Namun, kritik saya paling utama adalah tentang cerita atau alur. Dan sesuai judul, saya punya beberapa argumen bahwa cerita serial ini tidak perlu dibawa ke Pakistan.

  1. Hanya menelusuri sejarah dan kembali ke masa lalu. Perpindahan latar di serial MCU sebelumnya, Moon Knight, terasa perlu karena memang dewa-dewi piramid itu berada dalam lingkup konfliknya. Tanpa perpindahan latar, penonton tidak akan mengerti gambaran Marvel tentang piramid dan sebagainya. Di Pakistan, tujuan Kamala hanya satu: gerbong kereta api! Itupun sudah terbengkalai dan tidak berguna. Kalau begitu, kenapa tidak Kamala sendiri yang ke sana, tanpa membawa ibu atau saudara-saudarinya?
  2. Menjual eksotisme tidak lagi berguna. Sehari setelah Kamala mendarat dan dijemput keluarganya, ia diajak oleh kedua sepupu untuk berkeliling pasar namun akhirnya berpisah untuk mencari stasiun lama. Dalam babak ini, jelas sekali MCU berusaha menjual eksotisme negeri Asia Selatan itu. Tapi sekali lagi, ga perlu! Penonton bisa nyari tau sendiri.
  3. Memperkenalkan Red Daggers juga ga perlu. Di episode keempat itu, Kamal bertemu Karim, pemuda jago yang menjadi bagian Red Daggers. Perkenalan kelompok ini cukup tanggung, tanpa sejarah dan tiba-tiba langsung diserang lalu mati. Memperkenalkannya di film bersama Avengers lain mungkin lebih pas.

Rating: 3,8/5

Secara keseluruhan, itulah penilaian akhir saya. Karena Ms. Marvel adalah karakter baru, maka lingkungan yang diperkenalkannya juga baru. Komunitas imigran muslim mungkin layak untuk ditampilkan dan bersifat “musti” agar Kamala tidak lahir dari ruang kosong begitu saja. Untuk itu, kemunculan karakter terasa perlu sehingga tidak perlu dinilai.

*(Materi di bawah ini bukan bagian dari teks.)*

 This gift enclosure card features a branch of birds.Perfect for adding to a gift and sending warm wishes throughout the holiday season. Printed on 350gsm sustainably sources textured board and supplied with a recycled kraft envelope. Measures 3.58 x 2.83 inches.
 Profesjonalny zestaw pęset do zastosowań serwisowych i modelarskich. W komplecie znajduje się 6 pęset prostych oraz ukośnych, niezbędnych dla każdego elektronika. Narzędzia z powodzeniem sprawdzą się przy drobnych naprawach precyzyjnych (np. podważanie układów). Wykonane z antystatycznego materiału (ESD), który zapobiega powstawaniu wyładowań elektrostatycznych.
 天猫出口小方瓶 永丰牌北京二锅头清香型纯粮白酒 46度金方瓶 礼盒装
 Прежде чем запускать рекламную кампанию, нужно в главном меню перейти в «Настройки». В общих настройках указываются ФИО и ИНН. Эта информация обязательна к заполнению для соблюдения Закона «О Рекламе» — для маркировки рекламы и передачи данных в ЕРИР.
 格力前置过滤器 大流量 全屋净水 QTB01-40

Di sisi lain, Kamala adalah karakter herroin paling muda, usianya baru menginjak 16 tahun. Menampilkan kesan muda seperti pembukaan yang berwarna-warni dan penggunaan sosial media terasa pas, kecuali di bagian akhir di mana sosok Ms. Marvel “fyp” terus menerus di Tik-Tok. Adegan itu terasa tidak filmis. Ia seperti dipaksakan dan terlihat tidak masuk secara alami dalam cerita.

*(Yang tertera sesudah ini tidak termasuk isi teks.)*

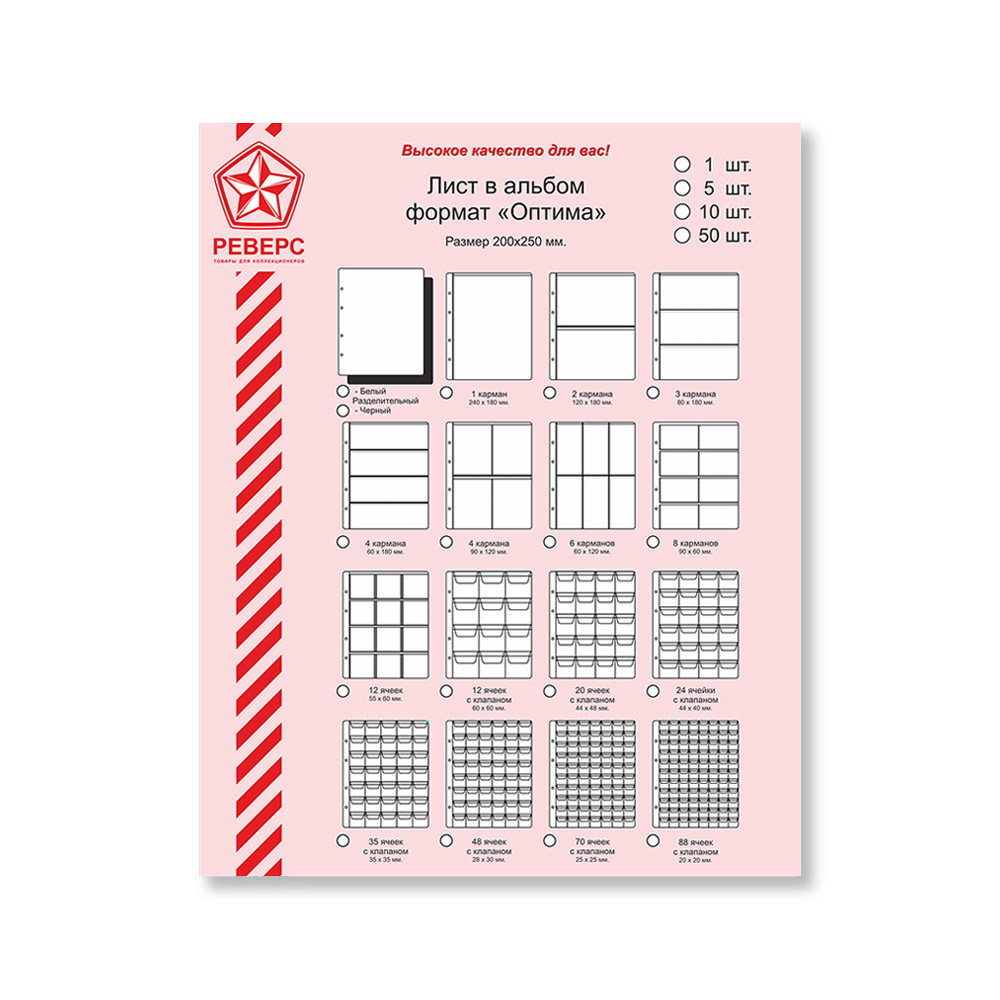 Лист разделительный черный формат Оптима (Optima). Лист изготовлен из ПВХ пленки.Размер листа: 250х200 мм.В упаковке: 1 шт.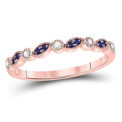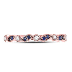 10kt Rose Gold Womens Round Blue Sapphire Diamond Stackable Band Ring 1/10 Cttw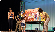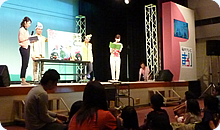 客席にいた子どもたちが、ぞろぞろとステージ前に集まり、紙芝居に耳を傾け、野菜の名前を当てるクイズにも元気よく参加してくれました。

Sejauh ini, Ms. Marvel mungkin serial paling buruk sejak MCU memulai semuanya dengan WandaVision. LOKI tetap menjadi nomor satu di hati dan bisa saya tonton kembali suatu hari nanti. Terlepas dari penilaiannya yang buruk, Ms. Marvel masih tetap harus ditonton untuk mengikuti perjalanan MCU.

Mereka sendiri menyebutnya The Multiverse Saga.